── DATA SHOWN
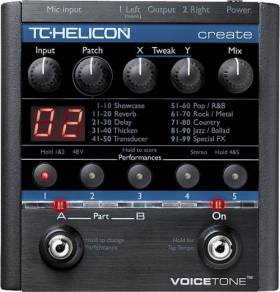 TC-Helicon VoiceTone Create - педаль - вокальный процессор спецэффектов для "живой работы", включающий такие эффекты, как "голос из мегафона", "голос из телефона", дисторшн, реверберация, дилэй и др.
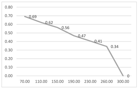 The results in Table 2 were used to generate a probabilistic survivor function; the function assumes the reasonable top bid of DOP 300.00, which operates as a “truncating point” [63]. Figure 3 shows the probabilistic survivor function for RBJBE; it is monotonically decreasing as expected [55].
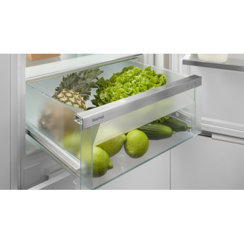 Liebherr ICNSd 5603-20 001 NoFrost Открывая морозильное отделение, вы хотите видеть замороженные продукты, а никак не лёд или иней. NoFrost защищает морозильную камеру от нежелательного обледенения, расходующего много энергии и порой стоящего достаточно дорого. NoFrost означает: никакого больше утомительного и продолжительного размораживания морозильного отделения, больше времени для других дел - и экономия денег. EasyFresh Наш контейнер EasyFresh гарантирует свежесть продуктов в вашем доме, как на рынке. Неупакованные фрукты, овощи или плоды: здесь всё хранится оптимально. Благодаря плотному закрытию контейнера под воздействием продуктов в нём повышается влажность воздуха. Таким образом, продукты остаются свежими долгое время. DuoCooling Благодаря двум полностью раздельным контурам охлаждения DuoCooling обеспечивает отсутствие воздухообмена между холодильным и морозильным отделениями. Продукты питания не засыхают,а запах не передаётся. А это значит: меньше выбрасывать, реже ходить за покупками, больше экономить и получать удовольствие. Сенсорный экран Реальность прикосновения: сенсорный экран позволяет легко и интуитивно управлять вашим устройством Liebherr. Все функции наглядно расположены на экране. Легким касанием пальца вы можете легко выбрать функции или проверить текущую температуру холодильника. Место для противня Хотите, чтобы домашний фруктовый пирог оставался свежим? Или приготовленная пицца, которую нужно будет поставить в духовку позже? Просто вставьте противень в ваш Liebherr - в нём достаточно места для хранения противня. Особенно практично: противень можно задвигать и выдвигать при открытой на 90° двери. VarioSpace У вас намечается летняя вечеринка, и нужно куда-то поставить на хранение многоуровневый торт-мороженое? Морозильник Liebherr прекрасно справится с этой задачей: в нем предусмотрено достаточно места для таких случаев. Благодаря системе VarioSpace можно просто снять отдельные ящики морозильника - и вуаля: вот оно, дополнительное пространство для хранения! Общие данные: Размеры: высота (см): 193,8 ширина (см): 54,1 глубина (см): 54,5 Общий объем/ Полезный объем: Холодильника (л): -/285 Холодильной камеры (л): -/215 Морозильной камеры (л): -/70 Тип управления: электронный Класс энергопотребления: A++ Климатический класс: SN-T (от +10°С до +43°С) Количество компрессоров: 1 Годовое потребление энергии: 223 кВтч/год Цвет: белый Холодильное отделение: Полки из закаленного стекла Полки на двери: Дверные полки из пластика с держателями для бутылок, форма для яиц Автоматическое оттаивание Светодиодное освещение, расположенное в верхней части Регулируемый диапазон температур: от +2 °C до +9 °C Климатические зоны: EasyFresh Суперохлаждение SuperCool Циркуляционное охлаждение: Система PowerCooling с угольным фильтром FreshAir Контейнер для фруктов и овощей EasyFresh-Safe Морозильное отделение: Система No Frost (Frost Free, Ноу Фрост) Время хранения при отключении питания: 14 ч Мощность замораживания в сутки: 10 кг Диапазон температур: от -15 °C до -26 °C Суперзаморозка SuperFrost Количество контейнеров: 3 Система VarioSpace FrostSafe: Полностью закрытые выдвижные ящики с прозрачной передней стенкой Дополнительная информация: ЖК-дисплей монохромный, сенсорный экран Управление: Touch Цифровая индикация температуры для холодильной и морозильной камер Сигнал двери: оптический и акустический Сигнал при неисправностях: оптический и акустический 
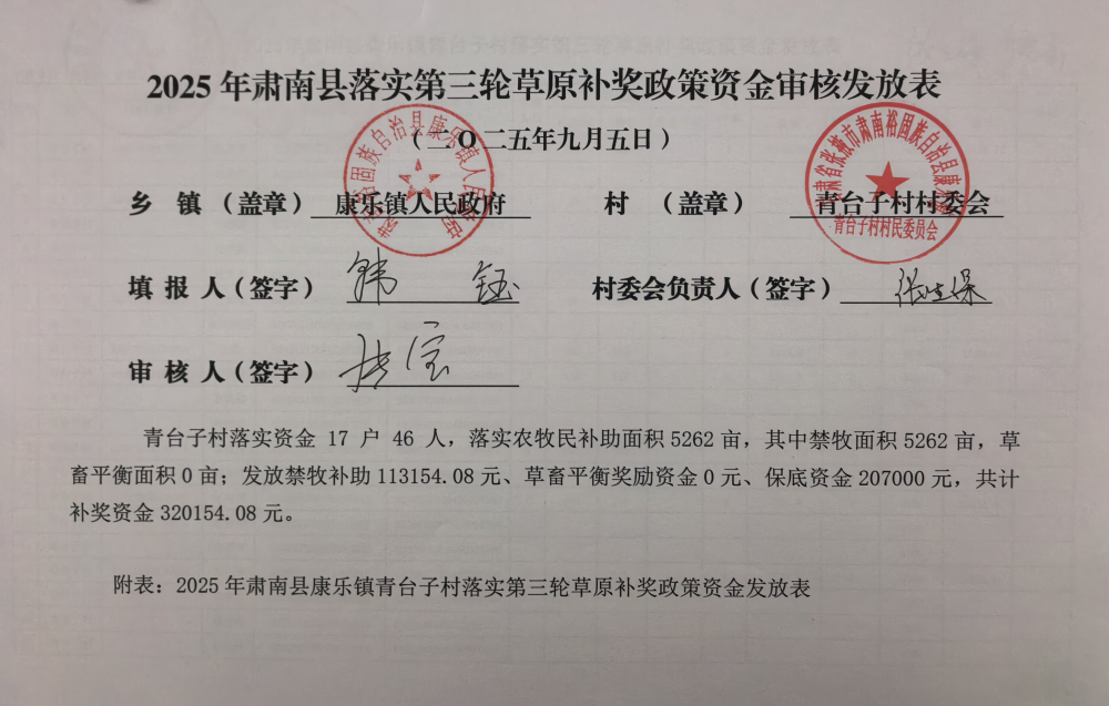 2025年肃南县康乐镇青台子村落实第三轮草原补奖政策资金审核发放表
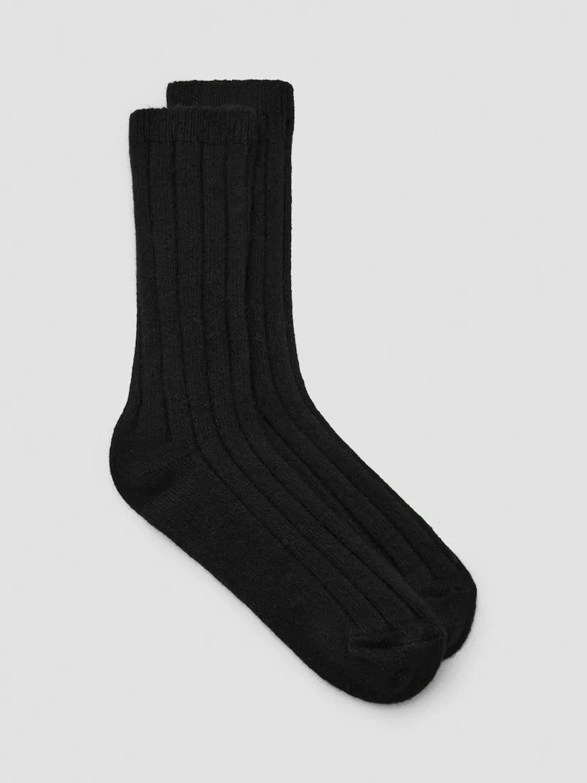 Ribbed socks made with a small amount of wool and cashmere for an even softer feel.
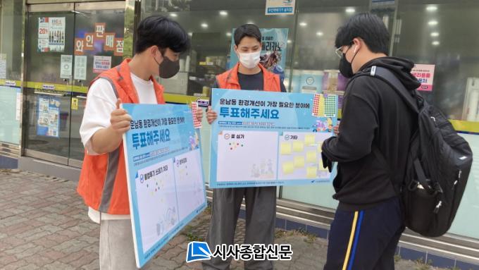 ¿î³²µ¿Àº Áö³ 20ÀϺÎÅÍ 22ÀϱîÁö dz¿µÁ¤Ãµ »êÃ¥·Î, ¾ÆÆÄÆ® »ó°¡ ÀÏ´ë¿¡¼ Áö¿ª ȯ°æ°³¼± ºÐ¾ß ¿ì¼±¼øÀ§ ¼±Á¤À» À§ÇØ ÁÖ¹ÎÀ» ´ë»óÀ¸·Î ÇöÀåÅõÇ¥¸¦ ½Ç½ÃÇß´Ù. ¾Õ¼ ¿î³²µ¿Àº ÁÖ¹ÎÀÌ Ã¼°¨Çϴ ȯ°æ °³¼±À» À§ÇØ ¡®ÇÔ²²ÇØ¿ä, ¿î³² ȯ°æ care(Äɾî)¡¯¸¦ ¼º°ú°ü¸® ÁöÇ¥·Î »ï°í, ¾²·¹±â ¹®Á¦, ¹æ¿ª, ²É ½ÄÀç µî ÁÖ¿ä °úÁ¦¸¦ ¸¶·ÃÇß´Ù.
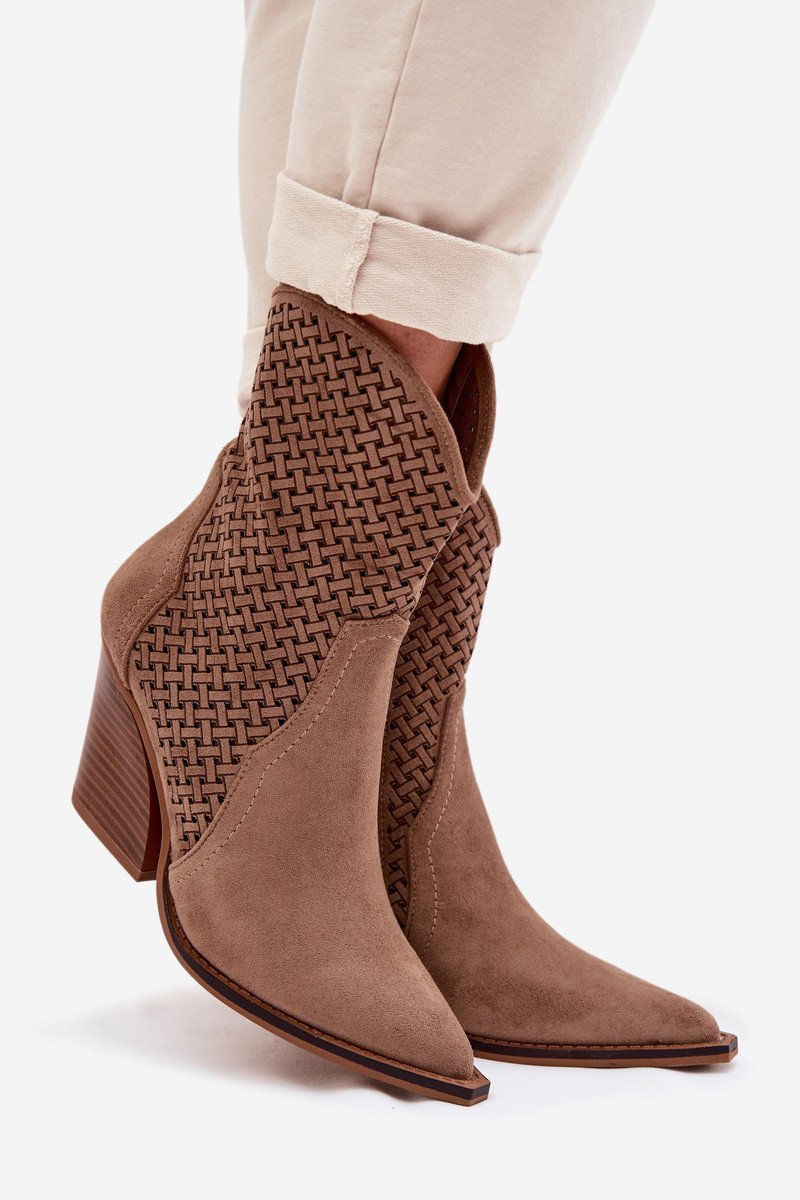 Dámské kotníkové boty vyrobené z eko semiše jsou stylovou volbou na přechodné období. Otevřená část svršku dodává lehkost a moderní vzhled, zatímco tenké, prodloužené špičky zvýrazňují linii nohy. Stabilní, zkrácený podpatek zajišťuje pohodlí při každodenním nošení, a zip usnadňuje obouvání a svlékání. Tento univerzální model se skvěle hodí jak k běžným, tak elegantnějším outfitům. Při výběru velikosti se řiďte tabulkou velikostí.
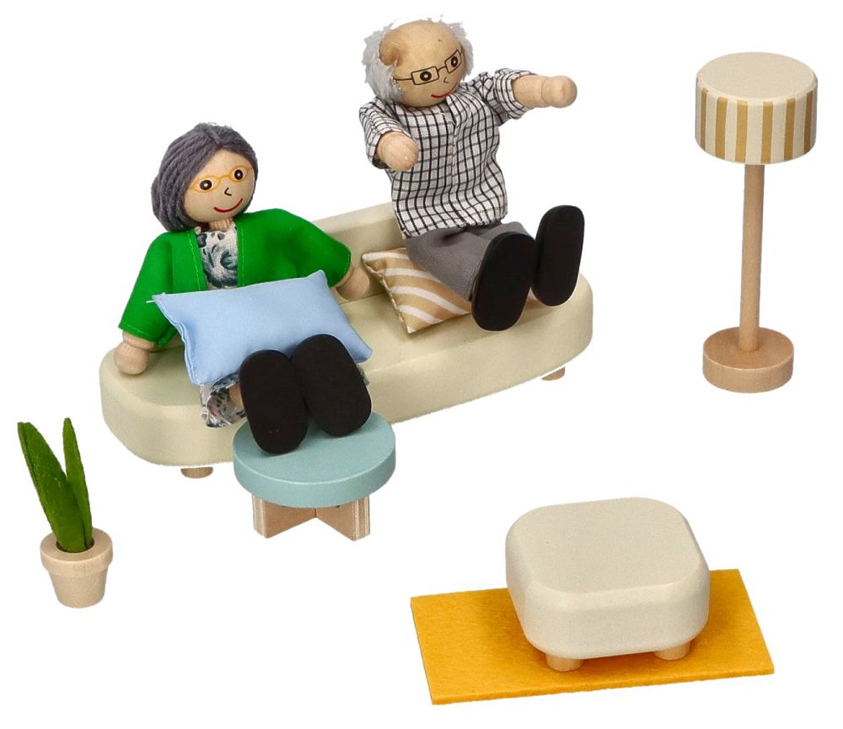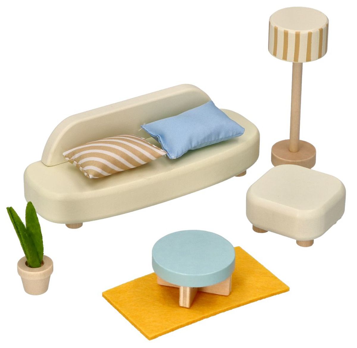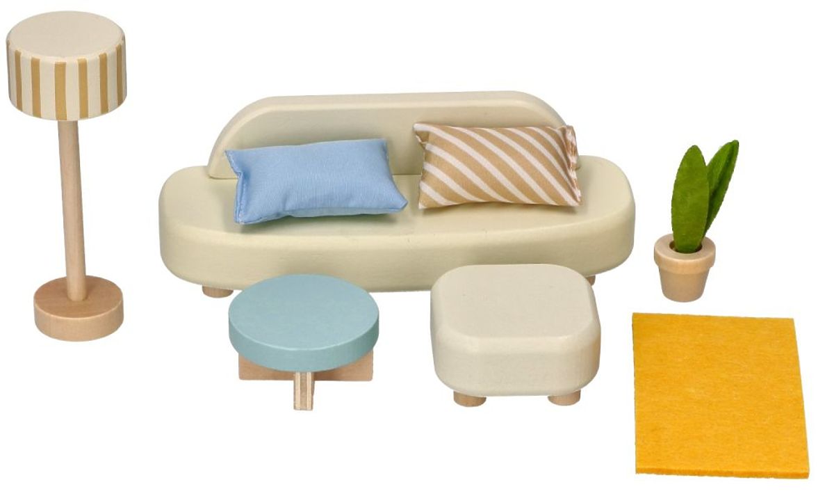 Útulná sada nábytku do obývacího pokoje vyrobená ze dřeva je ideálním doplňkem do domečku pro panenky. Součástí sady je elegantní pohovka s taburetem, malý konferenční stolek, stojací lampa a měkký kobereček – vše, co potřebujete k vytvoření atmosférického, domácího interiéru.
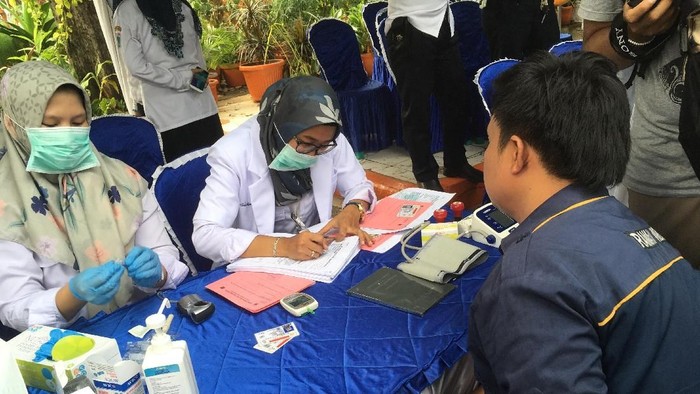 Pantauan detikcom di lokasi, para sopir antre dan memeriksakan kesehatan di posko kesehatan. Mereka mengecek tekanan darah, kadar gula dalam darah, dan urine.
────
* PROMPT: In your copy of the records above, include every line exactly but no pictures.

* YOUR SOLUTION:
 TC-Helicon VoiceTone Create - педаль - вокальный процессор спецэффектов для "живой работы", включающий такие эффекты, как "голос из мегафона", "голос из телефона", дисторшн, реверберация, дилэй и др.
 The results in Table 2 were used to generate a probabilistic survivor function; the function assumes the reasonable top bid of DOP 300.00, which operates as a “truncating point” [63]. Figure 3 shows the probabilistic survivor function for RBJBE; it is monotonically decreasing as expected [55].
 Liebherr ICNSd 5603-20 001 NoFrost Открывая морозильное отделение, вы хотите видеть замороженные продукты, а никак не лёд или иней. NoFrost защищает морозильную камеру от нежелательного обледенения, расходующего много энергии и порой стоящего достаточно дорого. NoFrost означает: никакого больше утомительного и продолжительного размораживания морозильного отделения, больше времени для других дел - и экономия денег. EasyFresh Наш контейнер EasyFresh гарантирует свежесть продуктов в вашем доме, как на рынке. Неупакованные фрукты, овощи или плоды: здесь всё хранится оптимально. Благодаря плотному закрытию контейнера под воздействием продуктов в нём повышается влажность воздуха. Таким образом, продукты остаются свежими долгое время. DuoCooling Благодаря двум полностью раздельным контурам охлаждения DuoCooling обеспечивает отсутствие воздухообмена между холодильным и морозильным отделениями. Продукты питания не засыхают,а запах не передаётся. А это значит: меньше выбрасывать, реже ходить за покупками, больше экономить и получать удовольствие. Сенсорный экран Реальность прикосновения: сенсорный экран позволяет легко и интуитивно управлять вашим устройством Liebherr. Все функции наглядно расположены на экране. Легким касанием пальца вы можете легко выбрать функции или проверить текущую температуру холодильника. Место для противня Хотите, чтобы домашний фруктовый пирог оставался свежим? Или приготовленная пицца, которую нужно будет поставить в духовку позже? Просто вставьте противень в ваш Liebherr - в нём достаточно места для хранения противня. Особенно практично: противень можно задвигать и выдвигать при открытой на 90° двери. VarioSpace У вас намечается летняя вечеринка, и нужно куда-то поставить на хранение многоуровневый торт-мороженое? Морозильник Liebherr прекрасно справится с этой задачей: в нем предусмотрено достаточно места для таких случаев. Благодаря системе VarioSpace можно просто снять отдельные ящики морозильника - и вуаля: вот оно, дополнительное пространство для хранения! Общие данные: Размеры: высота (см): 193,8 ширина (см): 54,1 глубина (см): 54,5 Общий объем/ Полезный объем: Холодильника (л): -/285 Холодильной камеры (л): -/215 Морозильной камеры (л): -/70 Тип управления: электронный Класс энергопотребления: A++ Климатический класс: SN-T (от +10°С до +43°С) Количество компрессоров: 1 Годовое потребление энергии: 223 кВтч/год Цвет: белый Холодильное отделение: Полки из закаленного стекла Полки на двери: Дверные полки из пластика с держателями для бутылок, форма для яиц Автоматическое оттаивание Светодиодное освещение, расположенное в верхней части Регулируемый диапазон температур: от +2 °C до +9 °C Климатические зоны: EasyFresh Суперохлаждение SuperCool Циркуляционное охлаждение: Система PowerCooling с угольным фильтром FreshAir Контейнер для фруктов и овощей EasyFresh-Safe Морозильное отделение: Система No Frost (Frost Free, Ноу Фрост) Время хранения при отключении питания: 14 ч Мощность замораживания в сутки: 10 кг Диапазон температур: от -15 °C до -26 °C Суперзаморозка SuperFrost Количество контейнеров: 3 Система VarioSpace FrostSafe: Полностью закрытые выдвижные ящики с прозрачной передней стенкой Дополнительная информация: ЖК-дисплей монохромный, сенсорный экран Управление: Touch Цифровая индикация температуры для холодильной и морозильной камер Сигнал двери: оптический и акустический Сигнал при неисправностях: оптический и акустический 
 2025年肃南县康乐镇青台子村落实第三轮草原补奖政策资金审核发放表
 Ribbed socks made with a small amount of wool and cashmere for an even softer feel.
 ¿î³²µ¿Àº Áö³ 20ÀϺÎÅÍ 22ÀϱîÁö dz¿µÁ¤Ãµ »êÃ¥·Î, ¾ÆÆÄÆ® »ó°¡ ÀÏ´ë¿¡¼ Áö¿ª ȯ°æ°³¼± ºÐ¾ß ¿ì¼±¼øÀ§ ¼±Á¤À» À§ÇØ ÁÖ¹ÎÀ» ´ë»óÀ¸·Î ÇöÀåÅõÇ¥¸¦ ½Ç½ÃÇß´Ù. ¾Õ¼ ¿î³²µ¿Àº ÁÖ¹ÎÀÌ Ã¼°¨Çϴ ȯ°æ °³¼±À» À§ÇØ ¡®ÇÔ²²ÇØ¿ä, ¿î³² ȯ°æ care(Äɾî)¡¯¸¦ ¼º°ú°ü¸® ÁöÇ¥·Î »ï°í, ¾²·¹±â ¹®Á¦, ¹æ¿ª, ²É ½ÄÀç µî ÁÖ¿ä °úÁ¦¸¦ ¸¶·ÃÇß´Ù.
 Dámské kotníkové boty vyrobené z eko semiše jsou stylovou volbou na přechodné období. Otevřená část svršku dodává lehkost a moderní vzhled, zatímco tenké, prodloužené špičky zvýrazňují linii nohy. Stabilní, zkrácený podpatek zajišťuje pohodlí při každodenním nošení, a zip usnadňuje obouvání a svlékání. Tento univerzální model se skvěle hodí jak k běžným, tak elegantnějším outfitům. Při výběru velikosti se řiďte tabulkou velikostí.
 Útulná sada nábytku do obývacího pokoje vyrobená ze dřeva je ideálním doplňkem do domečku pro panenky. Součástí sady je elegantní pohovka s taburetem, malý konferenční stolek, stojací lampa a měkký kobereček – vše, co potřebujete k vytvoření atmosférického, domácího interiéru.
 Pantauan detikcom di lokasi, para sopir antre dan memeriksakan kesehatan di posko kesehatan. Mereka mengecek tekanan darah, kadar gula dalam darah, dan urine.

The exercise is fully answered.